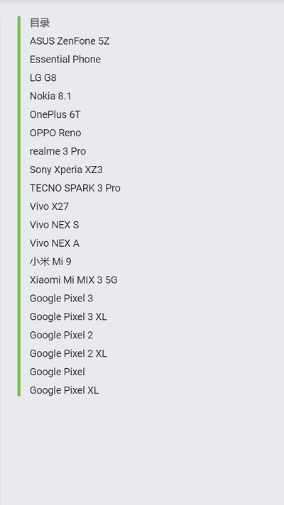 Android Q Beta 版页面显示,华为 Mate 20 Pro 已经不见踪影,华硕 ZenFone 5Z、Essential Phone、LG G8、诺基亚 8.1、一加 6T、OPPO Reno、realme 3 Pro、索尼 Xperia XZ3、传音 SPARK 3 Pro、vivo X27、vivo NEX S、vivo NEX A、小米 9、小米 MIX 3 5G 版、谷歌 Pixel 3、Pixel 3 XL、Pixel 2、Pixel 2 XL、Pixel 和 Pixel XL 这些设备仍然可以获得 Android Q Beta 版更新。
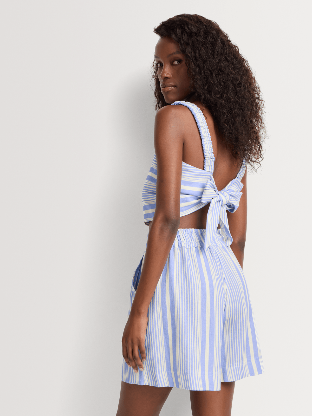 From our SS26 Riviera Collection, Coast features vertical sky blue and chalk-white stripes, evoking the timeless nostalgia of vintage Riviera summers.
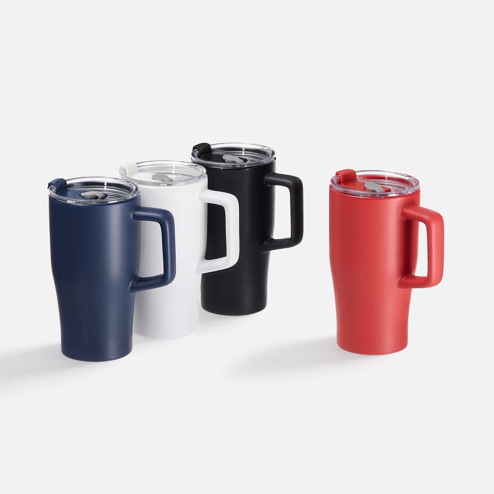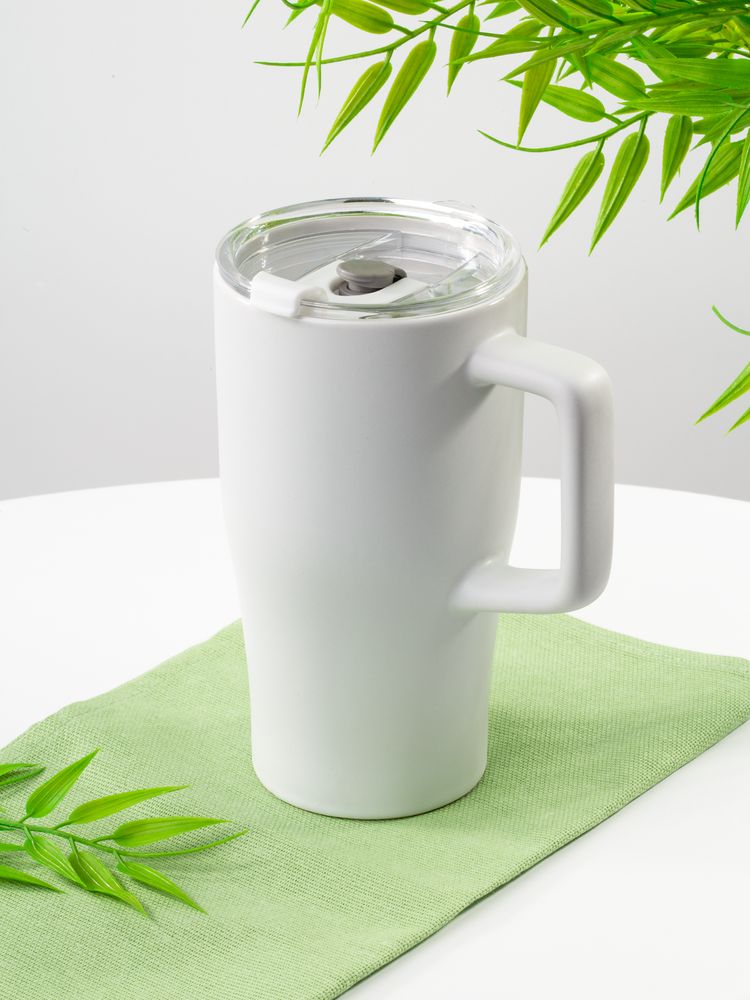 Кружка Grandios повторяет нашумевшую форму (и объем!) термостакана: высокий корпус плавно сужается книзу. Так вместительная кружка остается изящной, но все еще сохраняет устойчивость. А еще она подходит для большинства автомобильных подстаканников — на случай, если на утренний кофе совсем нет времени. Эргономичная ручка удобно лежит в руке, а прозрачная крышка с отверстием для питья не дает содержимому разлиться на ходу или быстро остыть. Последнее особенно важно с учетом большого объема — 520 мл чая, кофе или какао хватит надолго.Беспроигрышный вариант и для рабочих будней, и для домашних выходных.Емкость 520 мл.
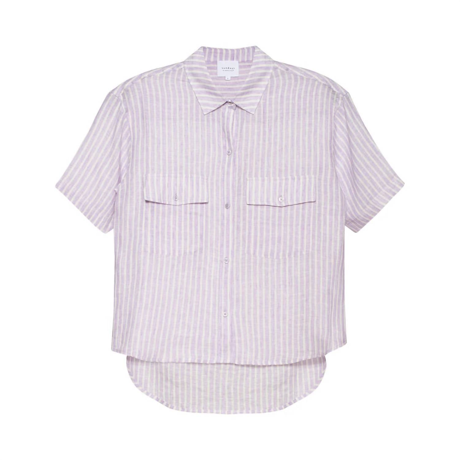 A classic button down shirt that will never go out of style. Introducing the Crosby Shirt by Sundays, a must-have for your vacation wardrobe with its short sleeves and chic lavender stripe pattern. Crafted entirely from luxurious linen, this shirt offers unparalleled breathability and comfort for summer days. Featuring a classic collar and practical pockets, it combines style and functionality effortlessly. Closure: Button closure. Perfect for embracing the best of 90s fashion.
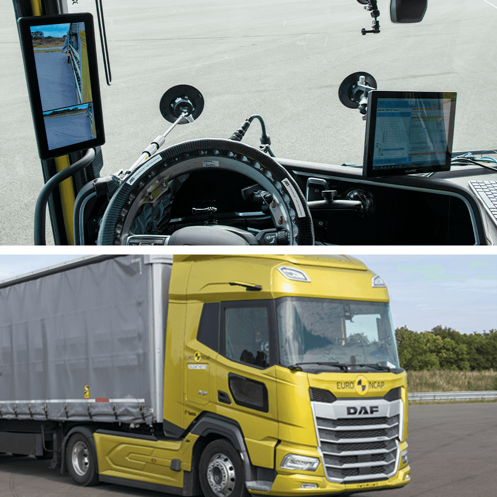 To encourage greater safety of trucks, Euro NCAP conducts a range of tests and assessments, which include: approaching a slower moving & stationary car – turn across the path of a cyclist – pedestrian crossing the road – lane keep assist – emergency lane keeping in overtaking traffic.
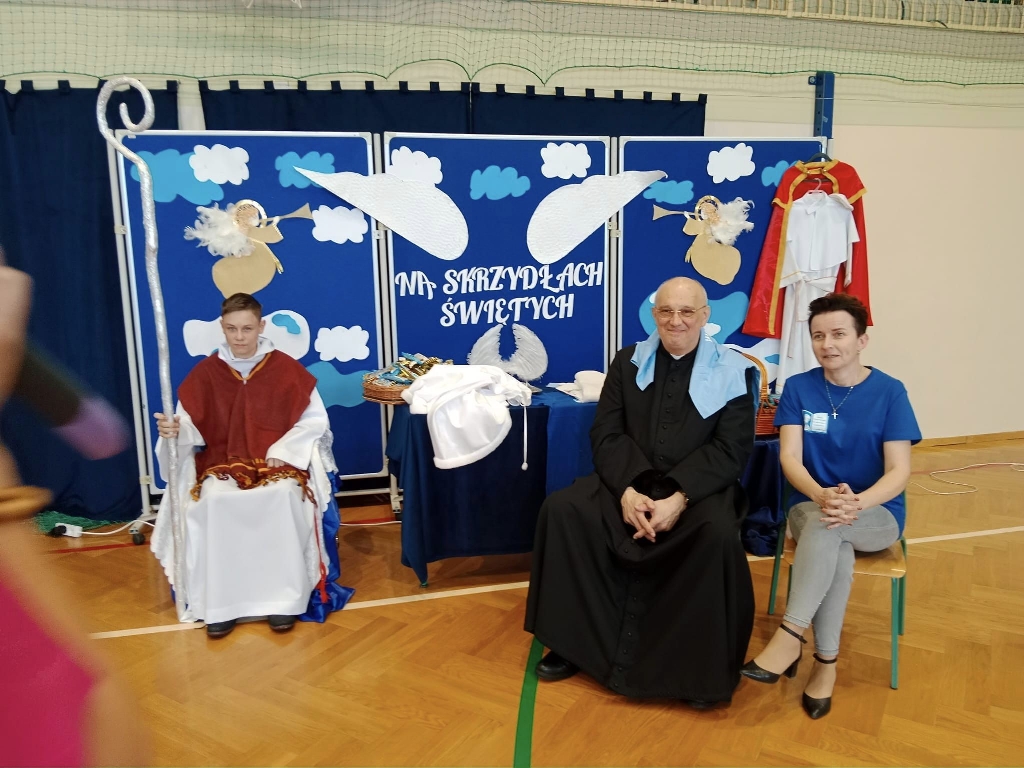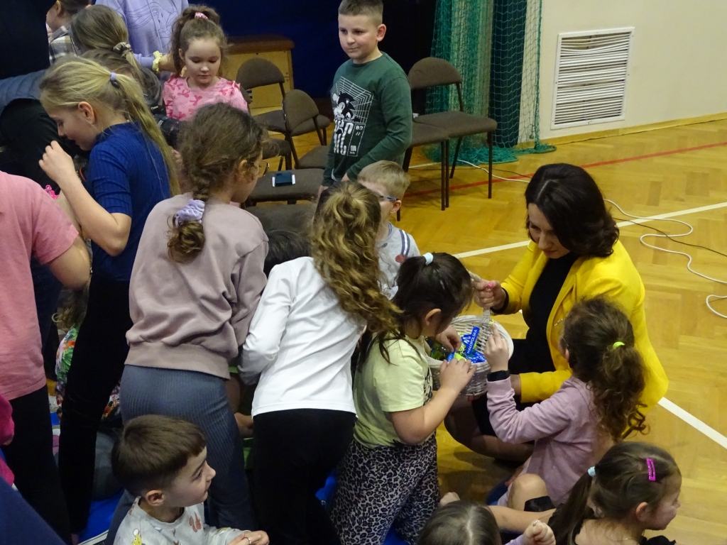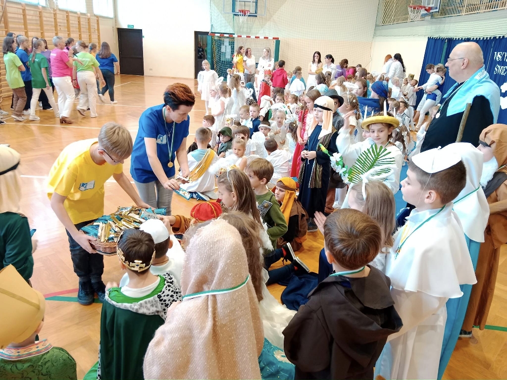 Po Mszy świętej głos zabrała pani Barbara Duran oraz pani dyrektor Bożena Brzęczek, dziękując za przybycie oraz ogłaszając wyniki konkursu “Góra cukierków”. Dla zwycięskich klas nagrodą były przepiękne statuetki w kolorach złotym, srebrnym i brązowym. Gratulujemy! Specjalnym gościom wręczono baranki, a podopiecznym stowarzyszenia - chlebki. Następnie odbyła się część artystyczna. Najpierw usłyszeliśmy piękny śpiew “Małej Armii Jana Pawła II”, a następnie wolontariusze wraz z panią Pauliną Kordelą wykonali taniec do motywującej piosenki “Jesteś super!”. Nie mogło również zabraknąć gorącego posiłku dla wszystkich gości. Po posiłku, przyciągało gości na parkiet wiele zabaw tanecznych przygotowanych przez panią Paulinę. W taki oto sposób zakończył się ten tak ważny dla nas wszystkich dzień, pełen radości i niezapomnianych wrażeń. Do przygotowania tej uroczystości dużo serca i pracy wnieśli wolontariusze, nauczyciele i pracownicy szkoły. Wszystkim obecnym dziękujemy za przybycie!
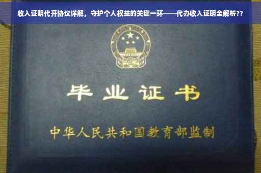 摘要:本文将详细介绍收入证明代开协议的内容及其重要性。作为保障个人权益的关键一环,收入证明代开协议能够帮助个人在需要证明自身收入状况时,通过代办的方式获取合法有效的收入证明。本文旨在让读者了解并重视收入证明代开协议的必要性,以便更好地维护个人权益。
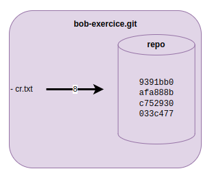 Bob va maintenant ajouter du contenu dans son répertoire de travail, d’abord en modifiant le fichier cr.txt qu’il a récupéré du repo central.
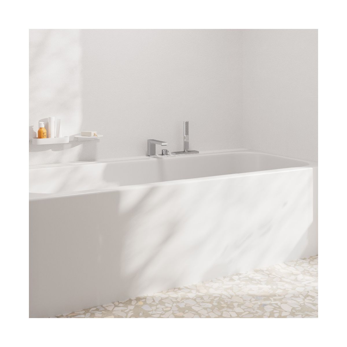 - 3-Loch-Einhebelmischer für die Montage am Wannenrand, Duschkopf, Duschhalter, Duschschlauch, Schlauchführung
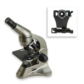 Microscópio composto para estudantes Carson Beginner 40x-400x com adaptador de digiscópio universal para smartphone e aplicativo de telefone CarsonCam (MS-040SP)
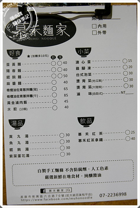 | 慕禾麵家其實除了麵類也有供應滷肉飯還有水餃,觀察一下大家桌上的餐食,竟然飯食還不少,最有名的是他的橄欖油佐青蔥拌麵,名字取的真有法式感,可惜寶妹今天真的對她興致缺缺,竟然自己胡亂的點了碗餛飩麵.....不過後來得知原來不同的麵使用的麵條也會不一樣唷 |
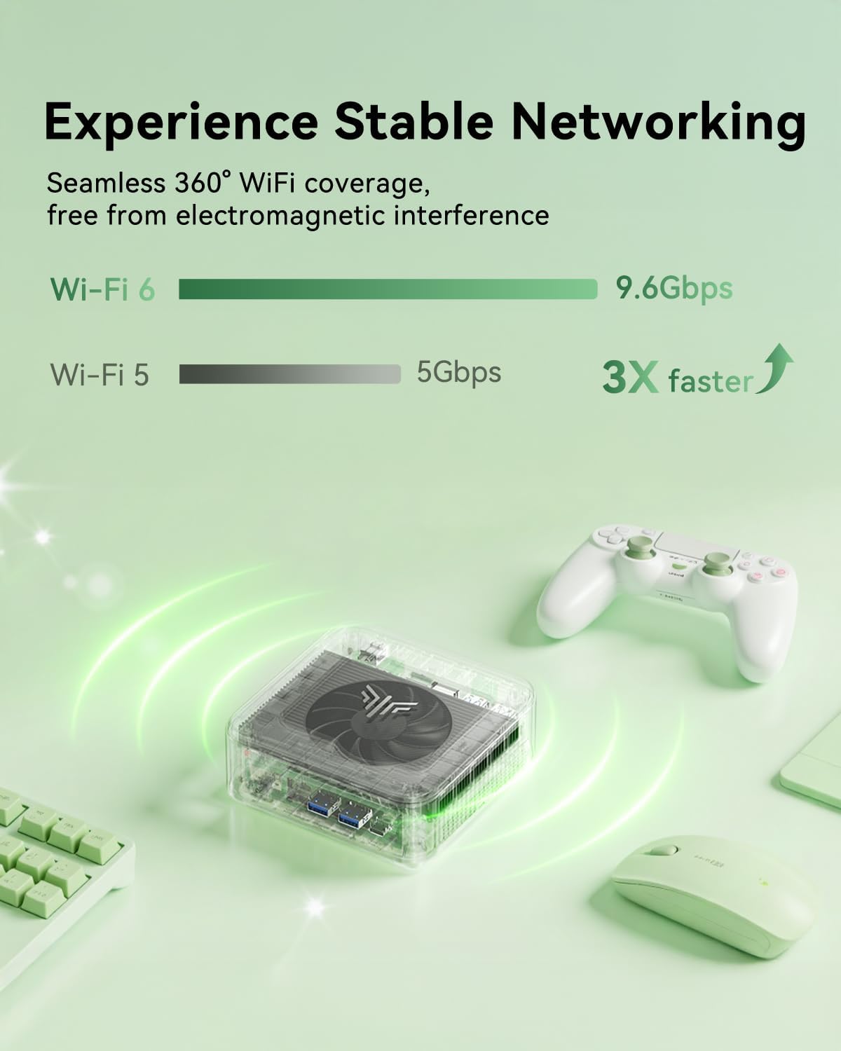 WiFi 6/BT5.2 Experience lightning-fast stable connectivity with WiFi 6 (3x faster than Wi-Fi 5) perfect for 4K streaming smooth video conferencing and rapid file transfers without interruptions. Bluetooth 5.2 offers faster more reliable connections to wireless peripherals like headphones keyboards and mice with ultra-low latency.Built-in cooling fan eliminating the need to worry about noise and heating
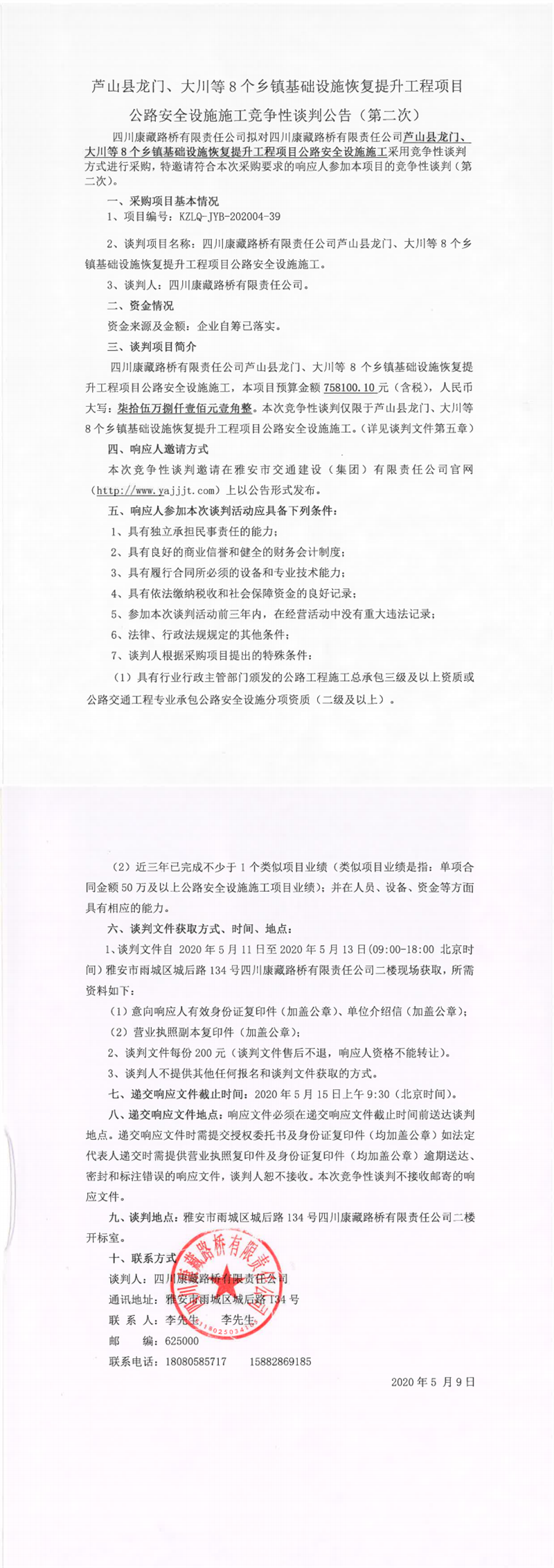 四川康藏路橋有限責任公司蘆山縣龍門、大川等8個鄉(xiāng)鎮(zhèn)基礎(chǔ)設(shè)施恢復(fù)提升工程項目公路安全設(shè)施施工競爭性談判公告(第二次)

======

Exercise details:
Write out all of the data above exactly, without any of its pictures.

Output below:
 Android Q Beta 版页面显示,华为 Mate 20 Pro 已经不见踪影,华硕 ZenFone 5Z、Essential Phone、LG G8、诺基亚 8.1、一加 6T、OPPO Reno、realme 3 Pro、索尼 Xperia XZ3、传音 SPARK 3 Pro、vivo X27、vivo NEX S、vivo NEX A、小米 9、小米 MIX 3 5G 版、谷歌 Pixel 3、Pixel 3 XL、Pixel 2、Pixel 2 XL、Pixel 和 Pixel XL 这些设备仍然可以获得 Android Q Beta 版更新。
 From our SS26 Riviera Collection, Coast features vertical sky blue and chalk-white stripes, evoking the timeless nostalgia of vintage Riviera summers.
 Кружка Grandios повторяет нашумевшую форму (и объем!) термостакана: высокий корпус плавно сужается книзу. Так вместительная кружка остается изящной, но все еще сохраняет устойчивость. А еще она подходит для большинства автомобильных подстаканников — на случай, если на утренний кофе совсем нет времени. Эргономичная ручка удобно лежит в руке, а прозрачная крышка с отверстием для питья не дает содержимому разлиться на ходу или быстро остыть. Последнее особенно важно с учетом большого объема — 520 мл чая, кофе или какао хватит надолго.Беспроигрышный вариант и для рабочих будней, и для домашних выходных.Емкость 520 мл.
 A classic button down shirt that will never go out of style. Introducing the Crosby Shirt by Sundays, a must-have for your vacation wardrobe with its short sleeves and chic lavender stripe pattern. Crafted entirely from luxurious linen, this shirt offers unparalleled breathability and comfort for summer days. Featuring a classic collar and practical pockets, it combines style and functionality effortlessly. Closure: Button closure. Perfect for embracing the best of 90s fashion.
 To encourage greater safety of trucks, Euro NCAP conducts a range of tests and assessments, which include: approaching a slower moving & stationary car – turn across the path of a cyclist – pedestrian crossing the road – lane keep assist – emergency lane keeping in overtaking traffic.
 Po Mszy świętej głos zabrała pani Barbara Duran oraz pani dyrektor Bożena Brzęczek, dziękując za przybycie oraz ogłaszając wyniki konkursu “Góra cukierków”. Dla zwycięskich klas nagrodą były przepiękne statuetki w kolorach złotym, srebrnym i brązowym. Gratulujemy! Specjalnym gościom wręczono baranki, a podopiecznym stowarzyszenia - chlebki. Następnie odbyła się część artystyczna. Najpierw usłyszeliśmy piękny śpiew “Małej Armii Jana Pawła II”, a następnie wolontariusze wraz z panią Pauliną Kordelą wykonali taniec do motywującej piosenki “Jesteś super!”. Nie mogło również zabraknąć gorącego posiłku dla wszystkich gości. Po posiłku, przyciągało gości na parkiet wiele zabaw tanecznych przygotowanych przez panią Paulinę. W taki oto sposób zakończył się ten tak ważny dla nas wszystkich dzień, pełen radości i niezapomnianych wrażeń. Do przygotowania tej uroczystości dużo serca i pracy wnieśli wolontariusze, nauczyciele i pracownicy szkoły. Wszystkim obecnym dziękujemy za przybycie!
 摘要:本文将详细介绍收入证明代开协议的内容及其重要性。作为保障个人权益的关键一环,收入证明代开协议能够帮助个人在需要证明自身收入状况时,通过代办的方式获取合法有效的收入证明。本文旨在让读者了解并重视收入证明代开协议的必要性,以便更好地维护个人权益。
 Bob va maintenant ajouter du contenu dans son répertoire de travail, d’abord en modifiant le fichier cr.txt qu’il a récupéré du repo central.
 - 3-Loch-Einhebelmischer für die Montage am Wannenrand, Duschkopf, Duschhalter, Duschschlauch, Schlauchführung
 Microscópio composto para estudantes Carson Beginner 40x-400x com adaptador de digiscópio universal para smartphone e aplicativo de telefone CarsonCam (MS-040SP)
 | 慕禾麵家其實除了麵類也有供應滷肉飯還有水餃,觀察一下大家桌上的餐食,竟然飯食還不少,最有名的是他的橄欖油佐青蔥拌麵,名字取的真有法式感,可惜寶妹今天真的對她興致缺缺,竟然自己胡亂的點了碗餛飩麵.....不過後來得知原來不同的麵使用的麵條也會不一樣唷 |
 WiFi 6/BT5.2 Experience lightning-fast stable connectivity with WiFi 6 (3x faster than Wi-Fi 5) perfect for 4K streaming smooth video conferencing and rapid file transfers without interruptions. Bluetooth 5.2 offers faster more reliable connections to wireless peripherals like headphones keyboards and mice with ultra-low latency.Built-in cooling fan eliminating the need to worry about noise and heating
 四川康藏路橋有限責任公司蘆山縣龍門、大川等8個鄉(xiāng)鎮(zhèn)基礎(chǔ)設(shè)施恢復(fù)提升工程項目公路安全設(shè)施施工競爭性談判公告(第二次)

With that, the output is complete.